ASPS, first described in 1952 by Christopherson et al [5], is characterized by an indolent course of slow growth and a high mortality risk. The tumor mainly affects the extremities with the thigh being the most common site although these tumors have been reported to arise in the trunk, the head and neck, and the tongue.

Metastasis usually occurs late in the course of the disease and involves the lungs, bones, lymph nodes and brain. Metastasis to the liver has also been reported [6]. To rule out brain metastasis, the Surgical Society of Oncology recommends intracranial imaging in all patients with ASPS [7].

There is some controversy over the pathogenesis of ASPS. While Mukai et al [8] provided support for a myogenic origin, Marchac et al [9] reported ASPL-TFE3 transcript fusion produced by chromosomal translocation (X; 17). According to Ordonez [10], there is a large female preponderance among ASPS patients. On the other hand, in their retrospective study, Portera et al [11] detected no significant gender difference when the patient population was considered as a whole although when they assessed patients with localized disease separately they also found a definite (64%) female preponderance.

The histological characteristics of ASPS include organoid nests of polygonal tumor cells encompassed by a dense capillary vasculature.

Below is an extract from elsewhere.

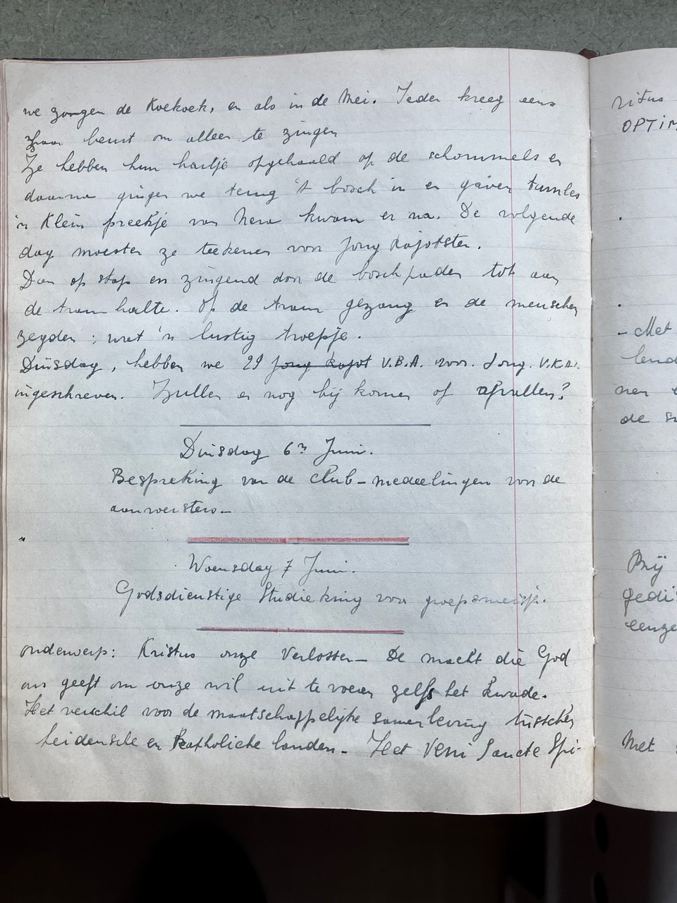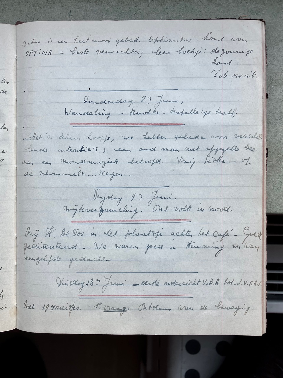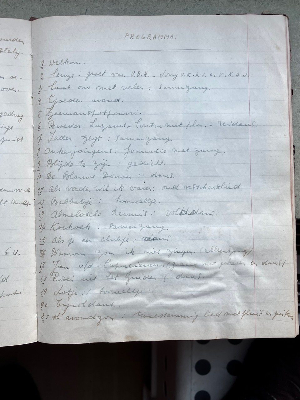 Oorspronkelijk dacht ik dat het Oorlogsdagboek van de VKAJ Heist-aan-zee, bijgehouden door mijn moeder Vé Desmedt, niet helemaal beantwoordde aan wat Brood & Rozen precies in gedachten had. Na uw mail van 16 december aan Victoria begreep ik beter wat het begrip “ontspanning in oorlogstijd” in ruimere zin inhield. Als ik het dagboek in kwestie opnieuw bekeek, merkte ik dat de VKAJ van Heist in de oorlog een jeugdgroepering was die heel veel energie stak in vrijetijdsbesteding. Toegegeven, het ging niet meteen over kunst, literatuur of onderwijs, maar het hele dagboek zit propvol beschrijvingen van feestelijke bijeenkomsten, met dans, zang, theater, spel, clubjes, turnen, wandelingen e.d.m.. Op de eerste pagina’s van het dagboek staat het woord “ontspanning” trouwens in het programma ingebeiteld. Ik had daar nog geen foto's van gemaakt, die voeg ik hier voor de volledigheid toe.

The cells are of uniform size and shape and contain granular, eosinophilic cytoplasm surrounding a vesicular nucleus that hosts a prominent nucleolus. The designation “alveolar” derives from the pseudo-alveolar appearance [12].

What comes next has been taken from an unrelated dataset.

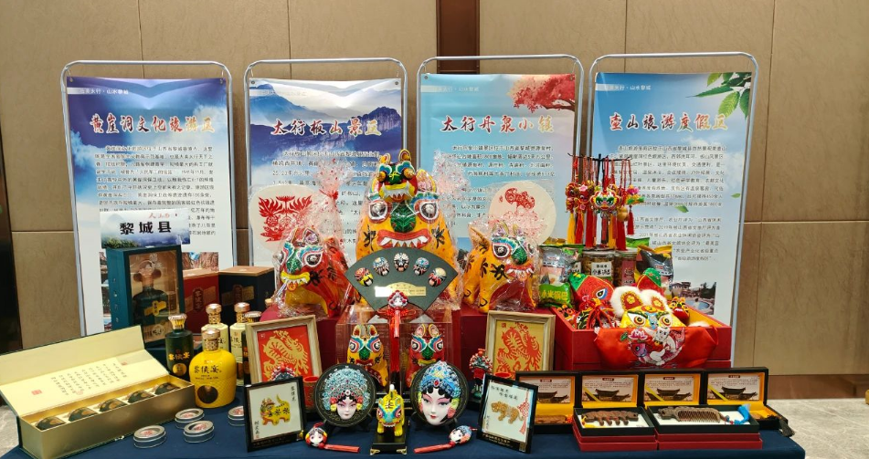 中国光谷科技会展中心,人头攒动、热闹非凡,国家级非物质文化遗产黎侯虎(布老虎),包含虎头帽、虎头鞋、虎头枕的满月礼盒以及12生肖刺绣制品等衍生文创产品;省级非物质文化遗产黎侯彩塑、杨斐剪纸;在“世界旧金山国际烈酒大赛”中取得“三金三银”佳绩的黎侯宴系列产品;以西周黎侯墓出土的玉虎为原型的木刻虎符、虎符梳子;黎侯粮小米锅巴、小米麻花等特色农产品以及黄崖洞、板山、壶山旅游度假区、丹泉小镇等文旅资源宣传展板集中亮相黎城展区,吸引了众多师生驻足、欣赏、品鉴。

While the role of radio- and chemotherapy is yet to be established, surgical resection with margins microscopically free of tumor cells remains the ASPS treatment of choice and represents a strong indicator of the treatment outcome [13]. Spontaneous regression has been reported [14].

According to Lieberman et al [12] who followed 102 patients over 63 years, the survival rate of patients with no metastasis at the time of diagnosis decreased dramatically from 77% at 2 years to 60% at 5 years, 38% at 10 years and 15% at 20 years. This indicates that periodic follow-up is mandatory in all patients with ASPS.


In conclusion, ASPS is a rare type of sarcomas that affects primarily the lower limbs. Periodic radiologic follow-up is mandatory to detect metastasis. While the role of radio- and chemotherapy is yet to be established, complete surgical resection is the treatment of choice in patients with ASPS.

Competing Interests

The authors declare that they have no competing interests.